15 Цзингао, Предостережение

Всемогущий повелел лету не кончаться. И лето повиновалось: хотя порой целыми днями сеялся мелкий дождь и свинцовый от низких туч свет отнимал блеск даже у золотых кровель Жэхола. И хотя длинная, соединяющая семь павильонов аллея гинкго, которая по мысли ее создателей должна была имитировать извилистый путь дракона, уже начала терять осеннюю шафрановую желтизну, а остальные деревья, выросшие вместе со стенами Жэхола, совершенно обнажились. И хотя глубокая, напоминающая о ночной темноте синева монгольского неба лишь изредка являлась взору узкими полосами или расплывчатыми пятнами в веренице туч. Акварелисты уже трижды имели возможность написать замерзшими пальцами бамбук, искрящийся инеем. Мисочки для разведения красок при этом подогревались свечами, чтобы вода не замерзла.

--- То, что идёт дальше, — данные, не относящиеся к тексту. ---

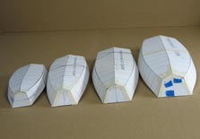 With the Nuthatch family I tried to match the visual appearance of one hull to the next. I didn't just add a proportional number to a measurement on the smaller hull to get the bigger one. There is a bit of variance in the widths and heights of all the panel members. Once I got a model that looked right to me visually and had the right amount of freeboard for safety and oarlock height, the rest of the time was spent getting the panel corners to line up and fit. Also to make sure that the panels could be laid out on standard sheets of plywood. But as the lengths and widths of the hulls increase, the number of sheets and the thickness's of the plywood also increased, as well as the cost. So does the cost of the extra epoxy, fiberglass tape and cloth, number of stainless screws, amount of paint and stain, and so on to a point of diminishing returns. (See the next to last paragraph)

Однако, несмотря на множество гонцов из Запретного города, не было иных знаков, что Владыка Десяти Тысяч Лет провозгласит осень и в конюшнях, архивах, оружейных палатах и часовых собраниях наконец-то можно будет начать приготовления к отъезду в сердце империи. И хотя увеселительные сады лежали холодные в тумане и садоводы зябко сидели на корточках возле отцветших розовых кустов, украшенных теперь лишь заплесневелыми плодами, — все равно было и оставалось лето. Ибо Владыка Десяти Тысяч Лет не позволял времени уходить.

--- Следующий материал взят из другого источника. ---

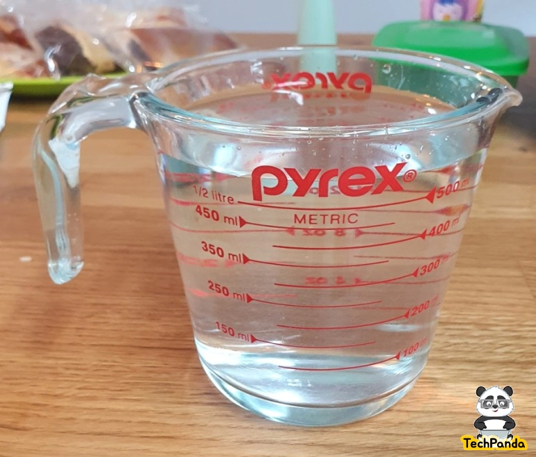 우선 집에 있는 계량컵으로 실험을 해 보았어요. 500ml까지 계량이 가능한 컵이다. 컵을 물을 받을 수 있는 곳에 올려놓고 500ml로 설정을 하고 출수 버튼을 눌러보았다.

Здесь, в Жэхоле, в летней резиденции, где существовало одно-единственное время года, английским мастерам надлежало завершить свое дело. Лишь тогда может начаться новое время года. Ведь в Бэйцзине, так англичане сказали одному из главных секретарей императора, который в сопровождении десятка с лишним чиновников пришел в мастерскую, дабы составить временной график, — в Бэйцзине большую часть работы придется начинать сначала, поскольку механизм слишком тонко настроен, слишком чувствителен и перевозить его не менее трудно, чем гору, озеро или облако, сказали они, а потому завершить его надо здесь и сейчас или же летом следующего года. Есть, конечно, и другая возможность: снова разобрать часы на составные части и переправить их в Запретный город для повторной сборки. Но это означает не только огромную потерю времени, но прямо-таки поворот времени вспять и новое начало.

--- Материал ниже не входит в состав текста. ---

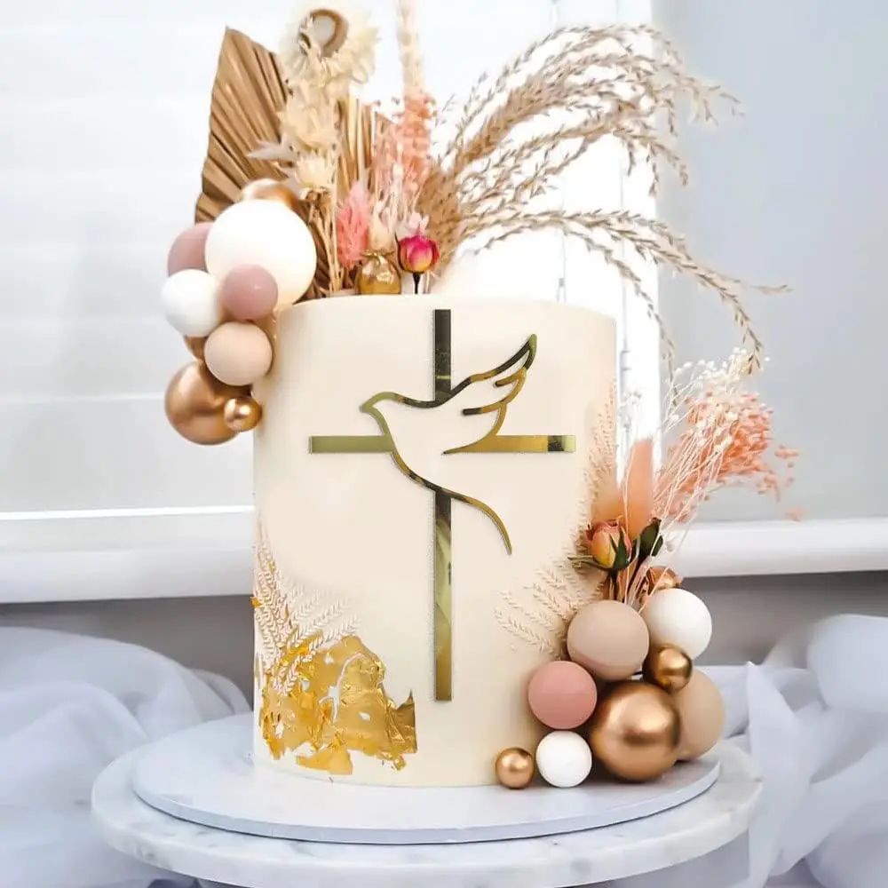 Qualité supérieure : la décoration de gâteau de baptême est durable et réutilisable, vous pouvez donc les utiliser encore et encore pour des occasions spéciales. Design exquis : les décorations de gâteau en forme de croix de colombe sont fabriquées en acrylique miroir de qualité supérieure avec une surface lisse et... Décoration de gâteau croix de communion - France Utilisation polyvalente : le kit de décoration de gâteau convient non seulement pour les fêtes de communion, mais aussi pour d'autres occasions festives telles que les baptêmes ou les fêtes. Decoration Gateau Bapteme Lot De 2 Décorations De Gâteau En Forme De Croix,Décoration De Deco Communion Fille Cake topper personnalisé ange en bois naturel Le kit de décoration de gâteau de communion est en acrylique de qualité supérieure et est spécialement conçu pour les gâteaux de communion et de baptême. Design élégant : la décoration de gâteau est composée d'une croix et d'une colombe dorée, ce qui ajoute une touche noble et festive à votre gâteau.

Хотя, кроме чиновников, никто из обитателей Жэхола вообще не видел чудовища, вскоре каждый, кто спрашивал, знал, что нынешнее бесконечное лето связано только с машиной, которая растет под руками и инструментами англичан в Павильоне Четырех Мостов и день ото дня становится все более зловещей, как призрак, с коим не справится никакой священнослужитель, никакое заклинание и никакие чары.

Поскольку же с растущим, сверкающим великолепием этих часов, казалось, росла и радость императора по поводу их экзотического привода, их колесиков, цепочек и блестящих от ртути стеклянных цилиндров, двор не решался высказывать свои мысли даже шепотом. Ведь из-за доноса якобы единомышленника, который способен в тот же день засвидетельствовать перед офицером то, что слышал, жизненный путь шептуна мог с легкостью повернуть к погибели, тогда как карьера свидетеля могла взлететь высоко вверх, к отблескам имперского света.

С тех пор как тайная канцелярия допросила подозреваемых в пачкотне на стенах Павильона Безветрия, при этом двоих замучила до смерти и тем безнаказанно нарушила закон, согласно которому все судебные разбирательства, все наказания и приговоры надлежало откладывать до возвращения в Запретный город, впавший в немилость шептун не мог надеяться даже на отсрочку своих мучений или казни. Из окружения императора не последовало ни знака, который бы опровергал новые обстоятельства.

В ходе двухдневного ритуала, когда Цяньлун с большой свитой посетил три храма, посвященных божествам усталой от света и долгих летних дней природы, он проследовал и мимо Павильона Четырех Мостов, однако в мастерскую не зашел, только повелел одному из замерших на пороге референтов доложить ему, а точнее пропеть, что можно видеть за верстаками и что английские гости ответили на его вопросы, провозглашенные с порога внутрь павильона.


Лето продолжалось, но похолодало. Многие павильоны и жилища, рассчитанные на время, полное тепла и солнца, отопления не имели, а на складах даже одеяла и меха отсутствовали. Кто не согревался за работой, тот мерз. А в жилищах мандаринов ночь за ночью горели высокие печи и камины, выкованные в виде разинутых драконьих пастей. Но треклятому лету не было конца.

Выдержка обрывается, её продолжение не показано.